◆ **Task details**: Write out the entries below exactly, starting at the first line and stopping after the line that contains "Born To Die"; skip all pictures.

[Data provided — start]

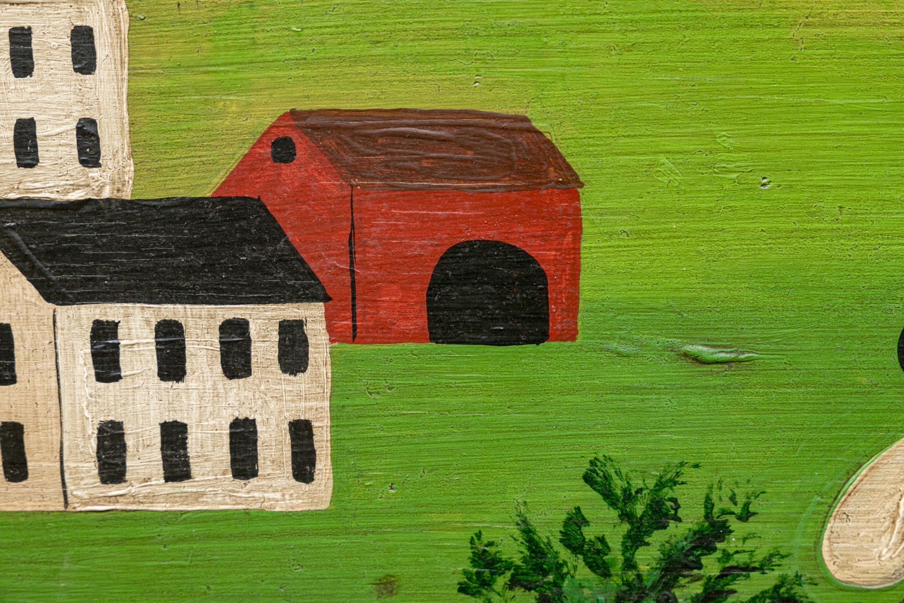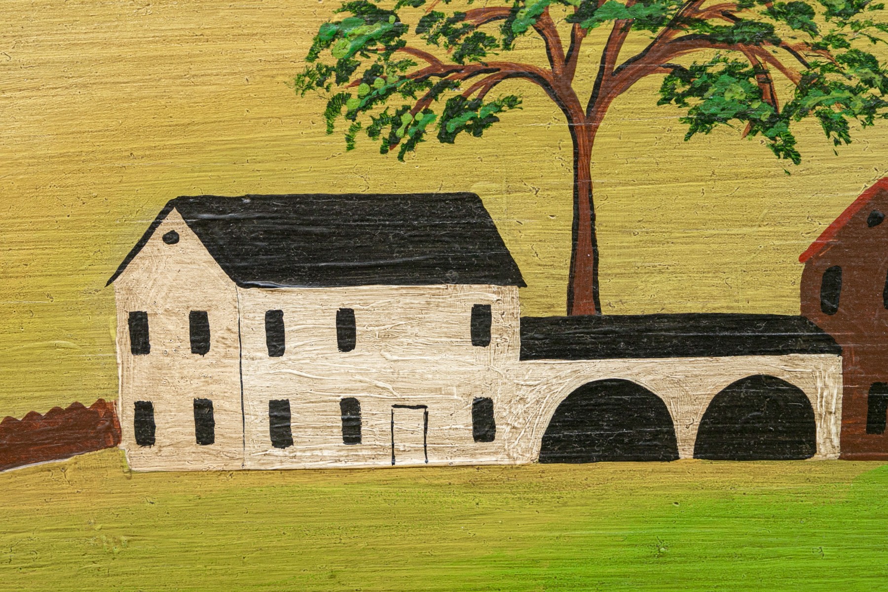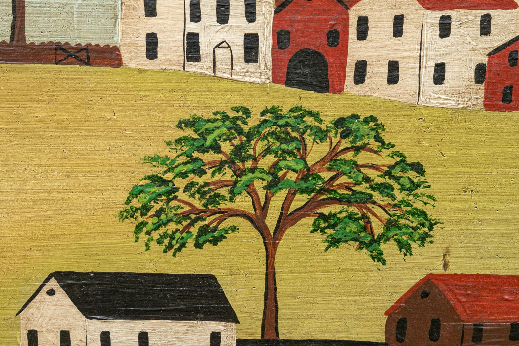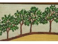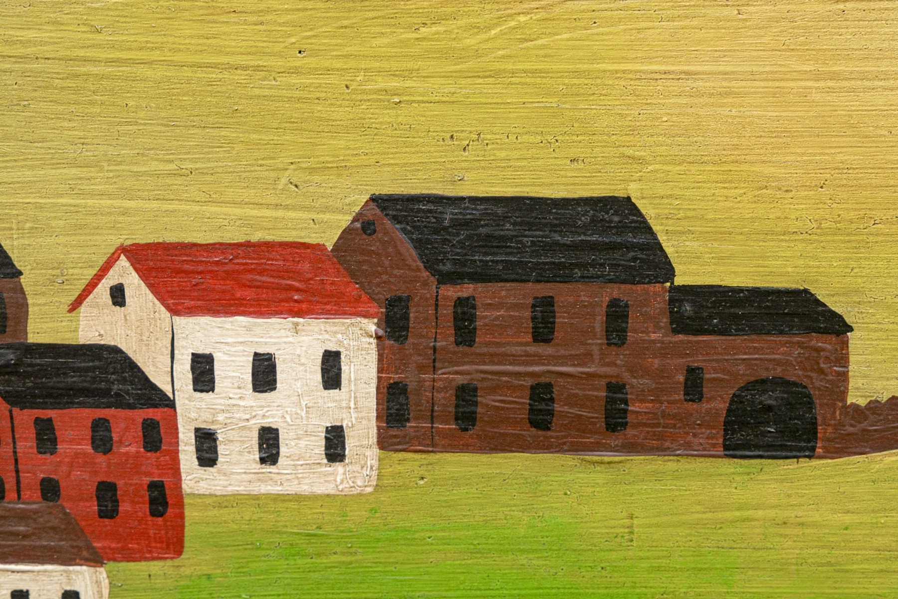Signed and dated 76 lower right, label on verso with title. A classic Miles naive landscape painting, here featuring couples walking in a field near the village with colonial houses. Presented in a wood frame.
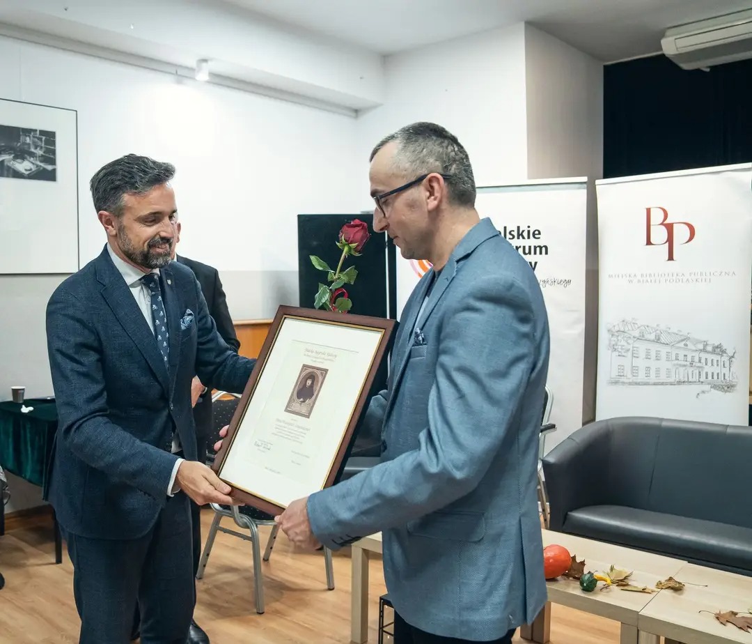 zdjęcie GRZEGORZ SZUPILUK za zaangażowanie i całokształt niezwykłej twórczości literackiej oraz znaczący wkład w rozwój kultury i życia społecznego Białej Podlaskiej, a także za inspirację oraz wzbogacanie literackiego dziedzictwa miasta.
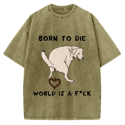 Born To Die World Is A F*ck Funny Dog Vintage Washed T-shirt
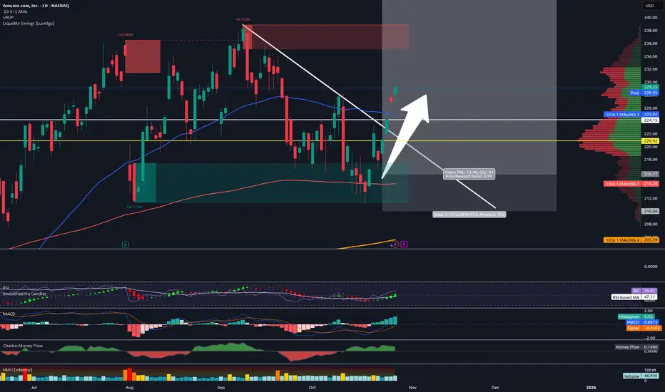 We are halfway to my final target. I've been trading safe lately. So, I decided to sell half here, capture some profit, and raise my stops to $225, ensuring we're all in the money on this trade.
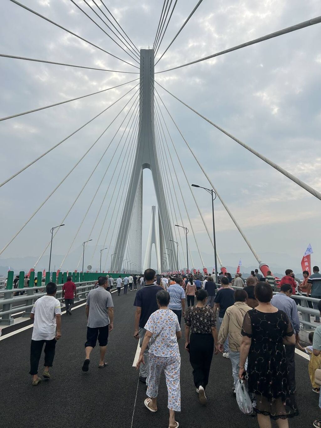 家门口的大桥通了,两岸居民一早来到现场等待,以“踩桥”的传统方式庆祝通车。

[Data provided — finish]

◆ **Answer section**:
Signed and dated 76 lower right, label on verso with title. A classic Miles naive landscape painting, here featuring couples walking in a field near the village with colonial houses. Presented in a wood frame.
 zdjęcie GRZEGORZ SZUPILUK za zaangażowanie i całokształt niezwykłej twórczości literackiej oraz znaczący wkład w rozwój kultury i życia społecznego Białej Podlaskiej, a także za inspirację oraz wzbogacanie literackiego dziedzictwa miasta.
 Born To Die World Is A F*ck Funny Dog Vintage Washed T-shirt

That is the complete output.